Manoj Vasudevan (born November 17, 1973) is an International speaker, author, consultant, and coach. He is the founder of Thought Expressions. Vasudevan is best known for winning the World Champion of Public Speaking by Toastmasters International in 2017.

==Early life and education==
Vasudevan was born in Kerala, India. He completed engineering in Electronics and Communication from College of Engineering Trivandrum and thereafter completed MBA from Imperial College London. He currently lives in Singapore.

==Career==
Vasudevan started his career in 1995 as a software engineer and joined PricewaterhouseCoopers Management Consulting Services as a principal consultant. He left PwC in 2004 to start his own company and founded Thought Expressions in 2008 to help people become speakers, leaders, and influencers.
Vasudevan has given motivational talks to multinational corporate houses for leadership, team-building, and personal breakthroughs.

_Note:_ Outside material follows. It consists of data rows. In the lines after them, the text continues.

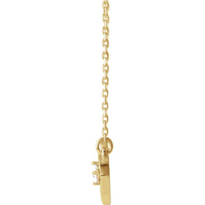 A simplistic yet elegant necklace design with a traditional or trendy style will give you a tailored look that goes from daytime wear to a night out on the town with ease. This small infinity heart necklace created from 14k yellow gold features a 3mm (1/10 carat) genuine diamond that is i1 in clarity and G-H in color. The approximate pendant size is 18mm (11/16 inch) in width by 10mm (3/8 inch) in length. The diamond-cut cable chain closes with a spring ring clasp, is 1mm in width and adjusts 16 to 18 inch in length.
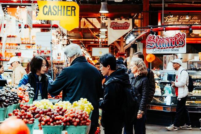 아무리 시장 방문에 회의적인 관광객일지라도, 그랜빌 아일랜드 퍼블릭 마켓의 문을 여는 순간 고개를 끄덕이게 된다. 그 납득 가능한 이유의 팔 할은 풍경에 있다. 일단 위치 설명부터 선제되어야겠다. 마켓이 있는 곳은 그랜빌 아일랜드. 1970년대 산업 쇠퇴 이후, 기존 공장과 창고를 재활용해 시장과 문화 공간으로 전환한 밴쿠버의 대표적인 도시 재생 지구다. 그 한가운데에 있는 대형 실내 시장이 바로 그랜빌 아일랜드 퍼블릭 마켓이다.
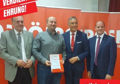 Gestern fand die Gemeindevertreterverbandssitzung der SPÖ in Prottes statt. Neben der Wahl des neuen Vorstandes wurden ausgeschiedene Gemeinderät*innen für besonderes und langjähriges Engagement geehrt. Auch unserem Michael Hlavaty wurde das silberne Ehrenzeichen verliehen. Mit dabei waren auch unsere Stadträtin Ulli Cap und GR Thomas Stiller, Christine Löwenpapst und Murat Aslan.
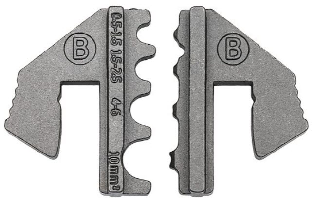 - Crimp-Einsatz B: für geschlossene, unisolierte Kabelschuhe 1,5 ∙ 2,5 ∙ 6,0 ∙ 10 mm2
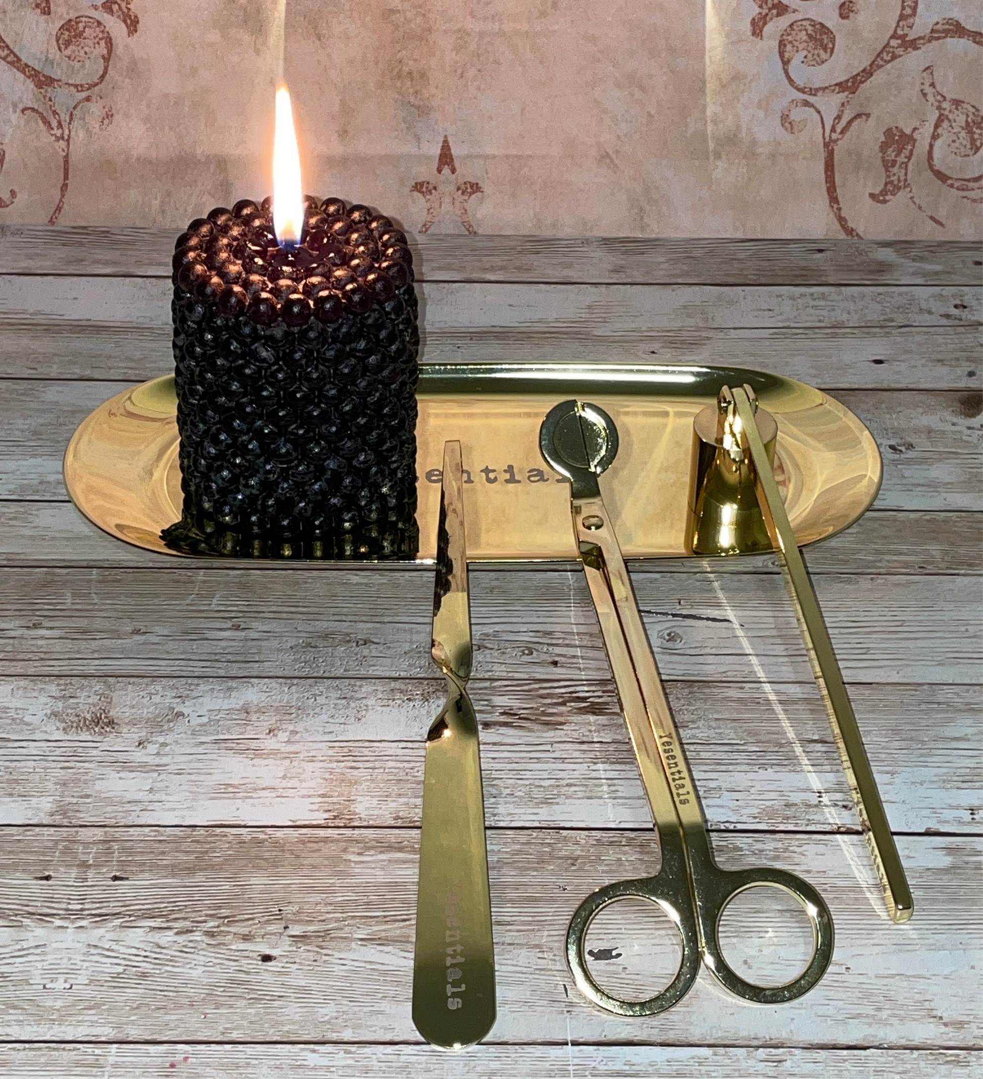 4 in 1 Candle Accessory Set- Candle Wick Trimmer, Candle Wick Dipper, Candle Wick Snuffer, Storage Tray Plate, Candle Care Tools Gift for Candle Lover
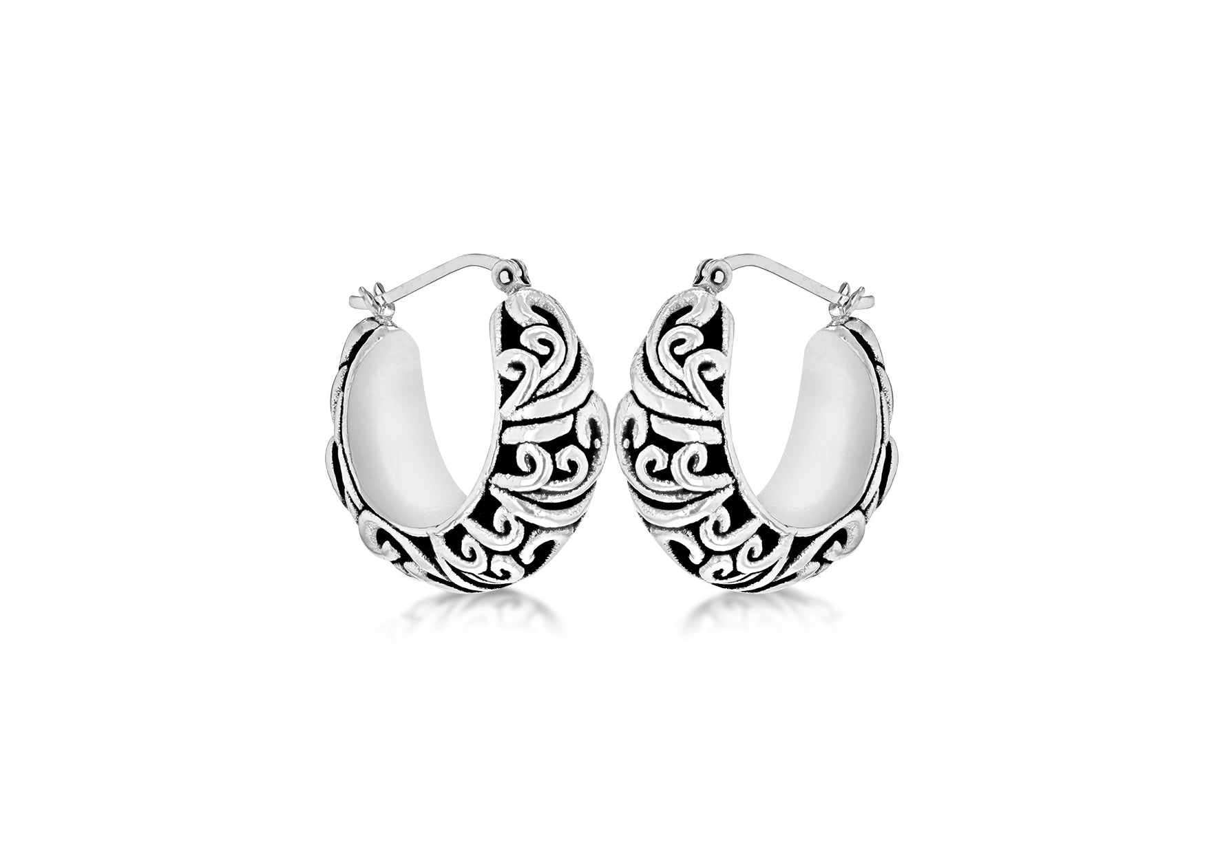 Sterling Silver Oxidised Antique Style Patterned Creole Earrings

He authored the book Mastering Leadership The Mousetrap Way.

Vasudevan is a professional speaker and coaches executives and entrepreneurs.

==Awards==
- World Champion of Public Speaking by Toastmasters International.
- Top-25 Standup comedians at the International Comedy Festival in Hong Kong

==Personal life==
Vasudevan married entrepreneur and author Sindu Sreebhavan in 1998. They have two children, named Advaith Vasudevan and Aditi Vasudevan.